こうして二人は話し合いを重ね、システムの全貌を固めた。


 まず、暗殺屋、掃除屋、開発屋それぞれが独立したチェーンとして存在するネットワークを構築する。登録には生体認証が必須で、依頼は匿名で条件や詳細を記して投稿され、承諾されると契約が成立する。依頼が実行されなければ、そのアカウントは永久追放される。ただし、失敗した場合は報酬のみ支払われない。


 また、このシステムを運営するためのコアメンバー、すなわち康二や誠一などは、参加者の情報を知らず、システムの修正や改善はコアメンバー全員の承認がなければ実施されない仕組みとなる。

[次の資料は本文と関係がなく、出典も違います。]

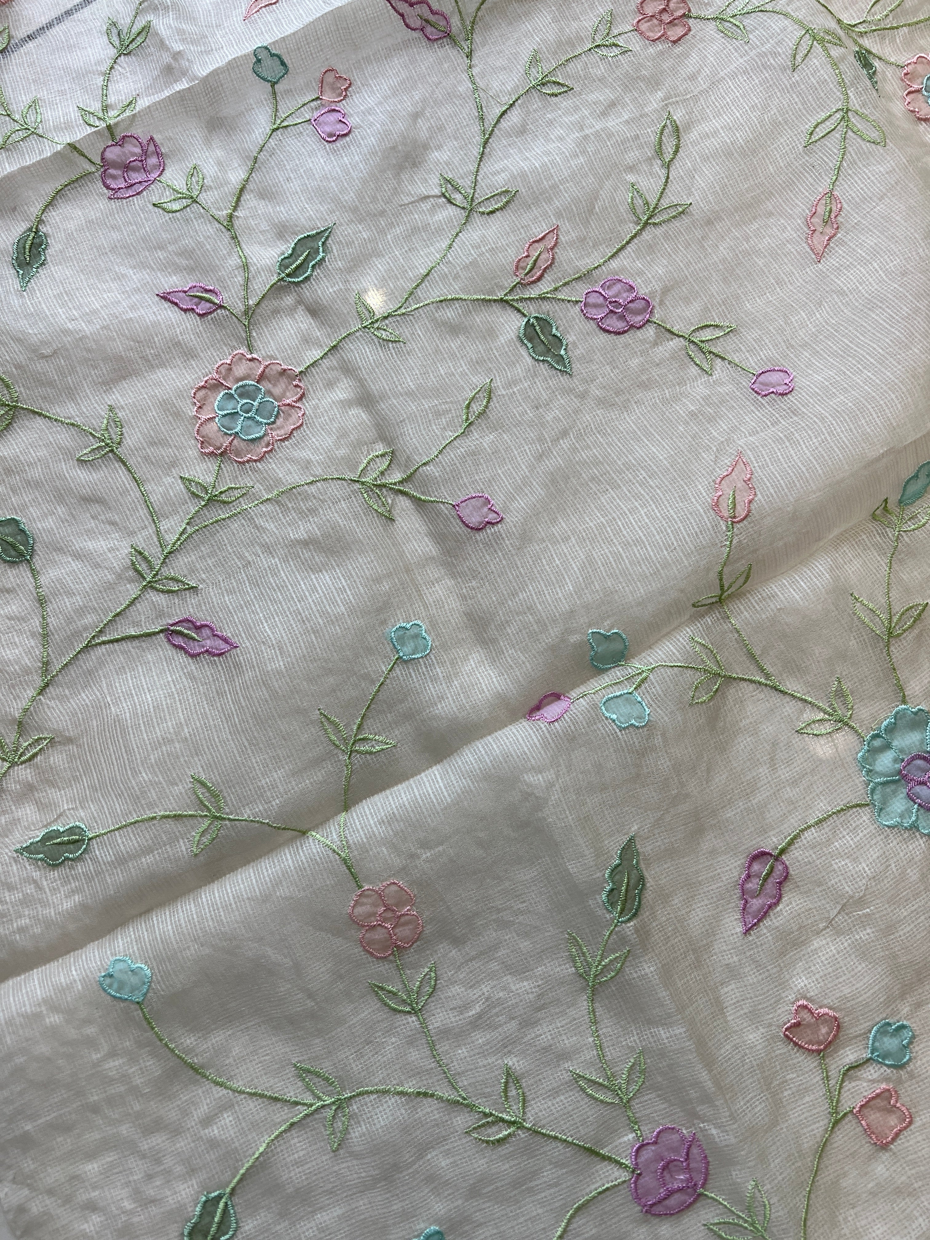 •  Style: Shaded Border With Point Embroidery & Scallop Detailing, Multi Colour Organza Floral Applique Detailing

 そして、この新システムが普及し、従来の体制が崩壊した後、

 康二はコアメンバーの承認を得た上でシステムから退場する計画だ。


 それから一ヶ月後、誠一はプロトタイプを完成させた。

 コアメンバー五人は顔を合わせ、決議に使うマスターキーを各自登録した。


 そして、実際に運用が始まった。


 初めは怪しいと疑わられていたが、

 次第にシステムの利益率の高さに気づく者が増えた。

 

 あっという間に参加者が増加。

 直接依頼はみるみる減り、ついには二年間でゼロとなった。




 そんな六月のこと。

 季節雨が煌々と輝く背景の下、愛子は子供を授かった。


 生まれる直前まで名前が決まらなかった康二は、窓からの景色を見ながらプロポーズした際、愛子が流した涙を思い出して、娘の名前を『雫』に決めた。


 ——夏目雫。 美しい名前だ。


 新システムも完成し、愛する子も誕生した。

 これ以上の絶好のタイミングはなかった。


 数日後、地下の一室、コアメンバーが活動する部屋で、康二は口を開いた。


「なあ、聞いてくれ。俺に子供ができた!」


 康二は珍しく声を張り上げた。


「ほ、本当か! おめでとう!」


 誠一は涙ぐみ、他のメンバーも次々と祝福した。


「……ありがとう。さすがに、なんというか……くるものがある。あ、あと女の子で、名前は雫っていうんだ」


 康二は、一眼レフで撮った写真を見せる。


「かっわいいな。愛子さんは綺麗だから、きっと美人になるぞー」

「俺に似るかもしれないだろ」

「……愛子さんに、似てほしいな」


 誠一がじっと俺を見てそう言った後、

 康二と誠一はじゃれあい、それを見て皆で笑い合った。


「……それで、まだ、言わなきゃいけないことがあるんだ」

「もう、お腹いっぱいだぞ?」

「コアメンバーから抜けさせてもらおうと思う」


 誠一の笑顔が一変し、康二を睨みつけ、

 場の空気は一気に冷たくなった。


「……何を言ってんだ、お前」

「初めからそう言っていただろう?」

「……お前、俺らを、売る気だろ?」


 予想外の一言に康二は焦燥の色を浮かべた。


「う、売るって……何のことだ?」

「惚けるな。このシステムの反対者に情報を売り飛ばすつもりだろうが!」


 誠一は怒号を浴びせた。


「そんなことするわけがない! そもそも、そんなことをして俺に何の得がある?」

「いや、これだけの匿名性を確保したシステムだ。どれほどの価値があると思っている? これを売れば、一体いくらになるんだろうな」


 康二は眉間に皺を寄せ、怒鳴り返した。


「もう、いい加減にしろ! 俺はこのシステムから抜ける。いいな? もし承認しなければどうなるか分かっているだろうな? 俺が今後署名しなければ、システムはどうなる? 一週間で答えを出せ」


 康二は言い終えると、地下室のドアを乱暴に開け、外へ出た。